How to More Precisely Estimate Total Cost of Ownership
To help your organization estimate the total cost of ownership for a new technology platform, let's look at how to structure your estimates, why these costs are essential, and where deeper due diligence can prevent underestimating or missing key items.
For starters, you'll want to create a timeline to organize your costs, as each of these will hit at different periods.
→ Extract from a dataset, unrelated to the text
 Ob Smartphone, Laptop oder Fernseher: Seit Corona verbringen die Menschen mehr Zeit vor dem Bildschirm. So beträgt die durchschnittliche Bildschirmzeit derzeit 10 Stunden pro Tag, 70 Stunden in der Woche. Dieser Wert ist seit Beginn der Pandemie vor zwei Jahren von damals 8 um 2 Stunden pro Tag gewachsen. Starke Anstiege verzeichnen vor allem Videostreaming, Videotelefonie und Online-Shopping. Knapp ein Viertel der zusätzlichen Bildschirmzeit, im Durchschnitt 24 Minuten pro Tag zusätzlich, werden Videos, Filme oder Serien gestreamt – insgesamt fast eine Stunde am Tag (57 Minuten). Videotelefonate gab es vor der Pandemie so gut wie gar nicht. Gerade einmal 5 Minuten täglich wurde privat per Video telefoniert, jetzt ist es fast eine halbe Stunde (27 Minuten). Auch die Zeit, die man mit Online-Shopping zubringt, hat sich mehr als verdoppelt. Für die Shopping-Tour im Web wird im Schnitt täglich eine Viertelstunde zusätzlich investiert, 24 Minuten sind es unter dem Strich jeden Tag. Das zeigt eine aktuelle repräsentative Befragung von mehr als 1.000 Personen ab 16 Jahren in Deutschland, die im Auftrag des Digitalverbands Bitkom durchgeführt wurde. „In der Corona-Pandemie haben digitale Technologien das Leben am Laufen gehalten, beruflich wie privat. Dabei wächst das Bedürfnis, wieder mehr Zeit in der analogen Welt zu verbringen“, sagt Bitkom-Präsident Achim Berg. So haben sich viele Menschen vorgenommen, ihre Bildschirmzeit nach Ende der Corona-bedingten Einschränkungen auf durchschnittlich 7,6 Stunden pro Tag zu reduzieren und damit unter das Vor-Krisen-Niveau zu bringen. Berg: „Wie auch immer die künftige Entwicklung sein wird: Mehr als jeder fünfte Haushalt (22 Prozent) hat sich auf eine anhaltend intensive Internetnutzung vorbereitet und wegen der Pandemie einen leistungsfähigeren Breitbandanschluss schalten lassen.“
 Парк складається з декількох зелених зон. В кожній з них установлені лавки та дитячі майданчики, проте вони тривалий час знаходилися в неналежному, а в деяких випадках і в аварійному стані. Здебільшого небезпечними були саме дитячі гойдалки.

The easiest way to do this is in a spreadsheet with Excel or Google Sheets.
In the first column, list what the associated costs are (e.g. core platform licensing, training program fees, etc); refer to this newsletter for a variety of those costs.
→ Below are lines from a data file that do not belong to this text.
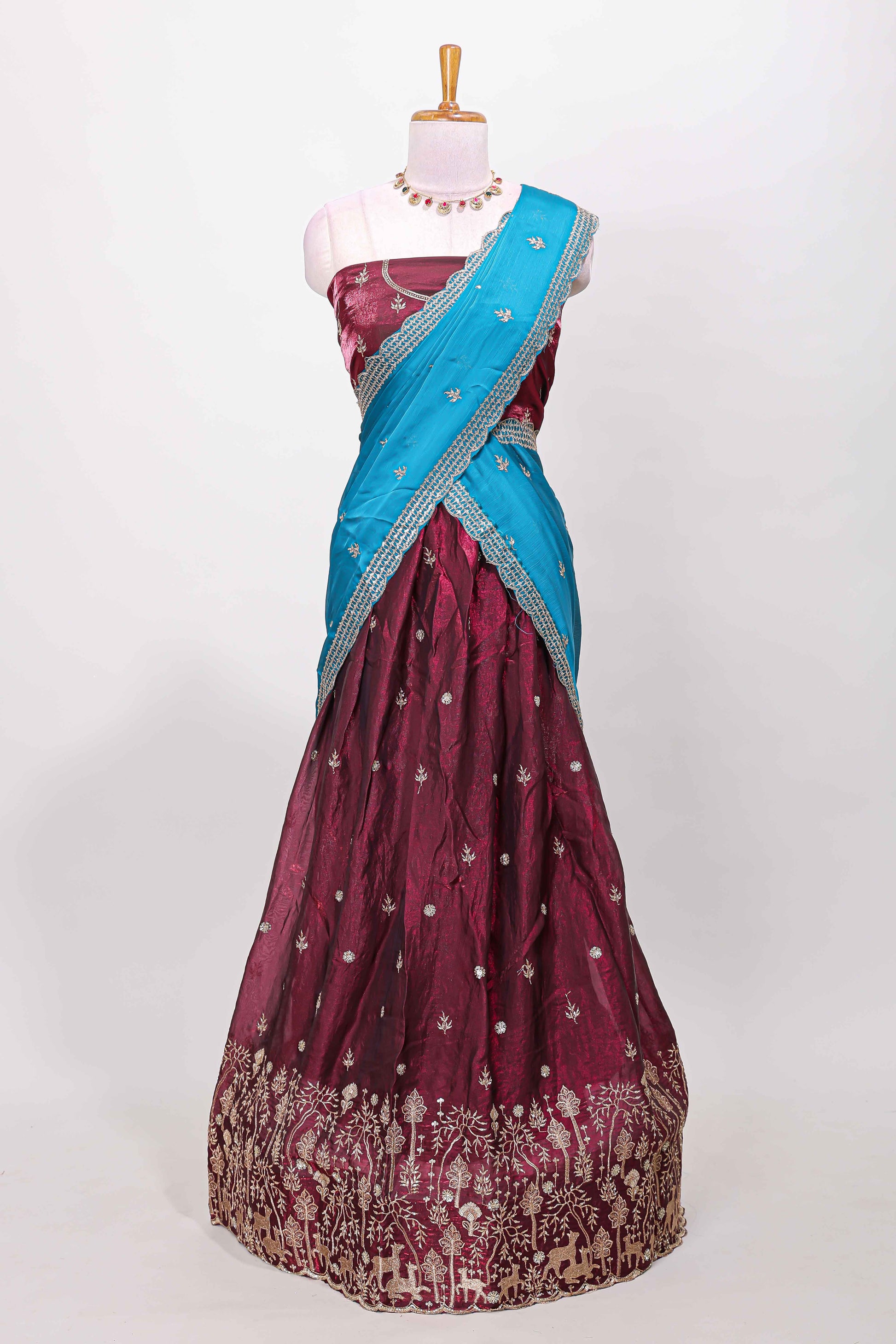 Maroon fendy chiffon lehenga with all over embroidery and stone work, paired with a contrast dhavani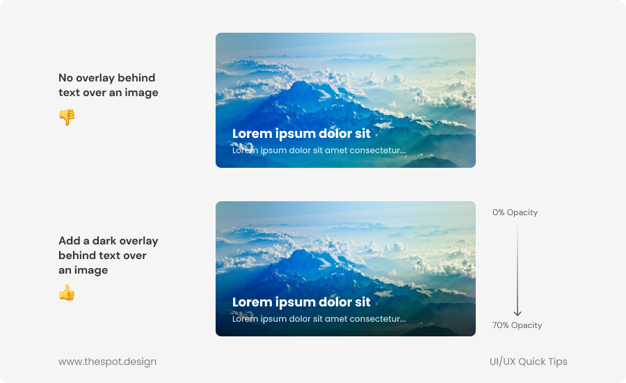 When adding text over an image (in a card or on a header, for example) consider adding a dark overlay behind your text to improve its contrast and legibility.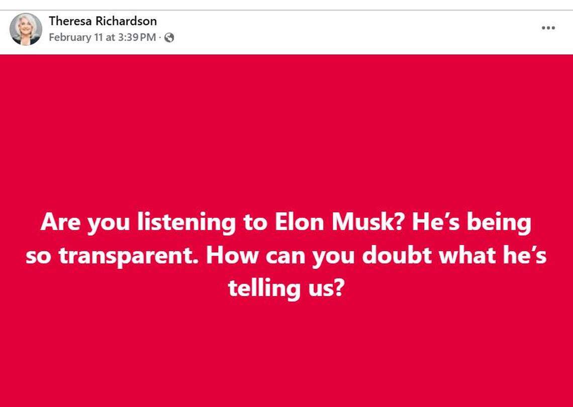 “Are you listening to Elon Musk? He’s being so transparent. How can you doubt what he’s telling us?” read the post to Richardson’s private Facebook account.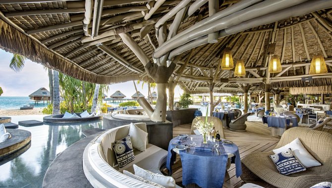 - Iriati Restaurant und Weinbar: Open-Air-Restaurant auf Sandboden, Blick auf die Lagune, klassische französische Küche

Starting in the second column, have a header that starts with the first year in which costs will hit (i.e. likely the current year) and continue this for subsequent columns.
You'll now have a matrix to populate estimated costs by type (row) and year (column).
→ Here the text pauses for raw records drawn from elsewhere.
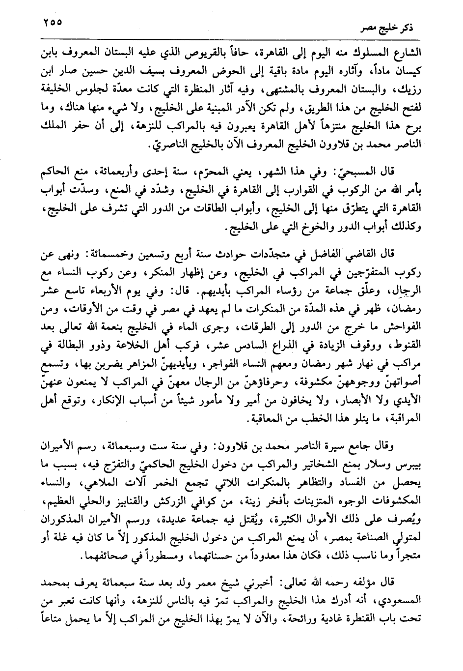 قال مؤلفه رحمه الله تعالى: أخبرني شيخ معمر ولد بعد سنة سبعمائة يعرف بمحمد المسعودي، أنه أدرك هذا الخليج والمراكب تمرّ فيه بالناس للنزهة، وأنها كانت تعبر من تحت باب القنطرة غادية ورائحة، والآن لا يمرّ بهذا الخليج من المراكب إلّا ما يحمل متاعا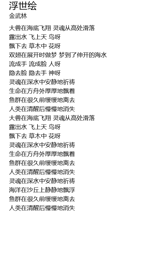 | [01:35.30] | 双翅在展开时做梦 梦到了伸开的海水 |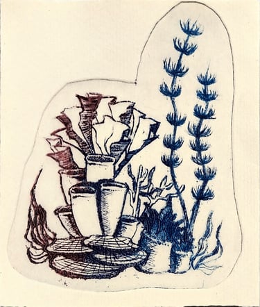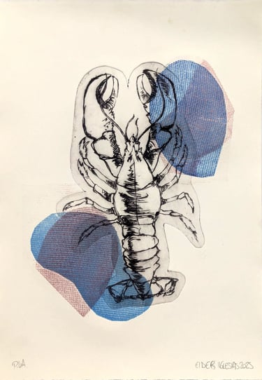 Trabajo en un área multidisciplinar, abordando técnicas tradicionales y digitales, partiendo del dibujo y saltando a la gráfica con técnicas como la xilografía, calcografía, risografía o serigrafía.

Using that structure helps you see when each cost will impact your budget and help those in finance and accounting plan cash flow.
At a bare minimum, here's why you want to have each of these costs represented in your spreadsheet:
Core platform licensing: ensuring that you have the right products or services is critical, especially if your platform's vendor has rigid contractual terms to prevent swapping or reductions
Initial setup and implementation fees: you can't start using your platform until it's ready, which means configuring and integrating it into your organization's processes and technology stack
Third party apps or services licensing: these are necessary to fill gaps in functionality of the core platform (e.g. branded proposal generation), connect to your other systems (e.g. integration platforms), and manage high-risk, low-probability events (e.g. data backup services)
Training program fees: ensuring your employees are aware of the new platform's features and functionality is a requirement, regardless if you intend to leverage a managed services vendor, as you should have a working knowledge to plan and vet vendors
Support or maintenance fees: assumptions are often made that things will run smoothly and that your organization's employees are able to manage support and maintenance
Hiring new employees: if you're intending to be independent or codependent for supporting the platform, you'll likely need to hire new employees with expertise in addition to training existing employees
Despite including those costs in your plan, some are often underestimated. Let's explore where you'll want to do extra diligence:
Core platform licensing is underestimated when price increases at renewal are not included in the timeline
Initial setup and implementation fees is often underestimated in both budget and time, resulting in higher expenses over a longer timeline; consider padding these estimates by 20% to 100%
Third party apps or services licensing are often wildly underestimated, as assumptions are made that the core platform can fully satisfy use cases or rushing to make a decision without understanding the full scope of what is needed
Training program fees and hiring new employees are typically underestimated or entirely missing, which means your organization will end up with higher explicit costs (e.g. support or maintenance fees) and implicit costs (e.g. productivity loss as employees supporting the platform need time to train themselves)
If you're unsure about how to estimate these items, proactively seek guidance from each of these groups to inform your estimates:
Platform vendor's sales and customer success teams
Vendors involved in consulting, implementing, or providing managed services
Independent professionals from your network
Independent professionals without a vested interest can provide a more objective view on estimated costs, which balances any misaligned incentives that you may have with those first two groups.
TLDR: More precisely estimated total cost of ownership by mapping costs over time, plus increased renewal fees, third-party apps, training, and staffing.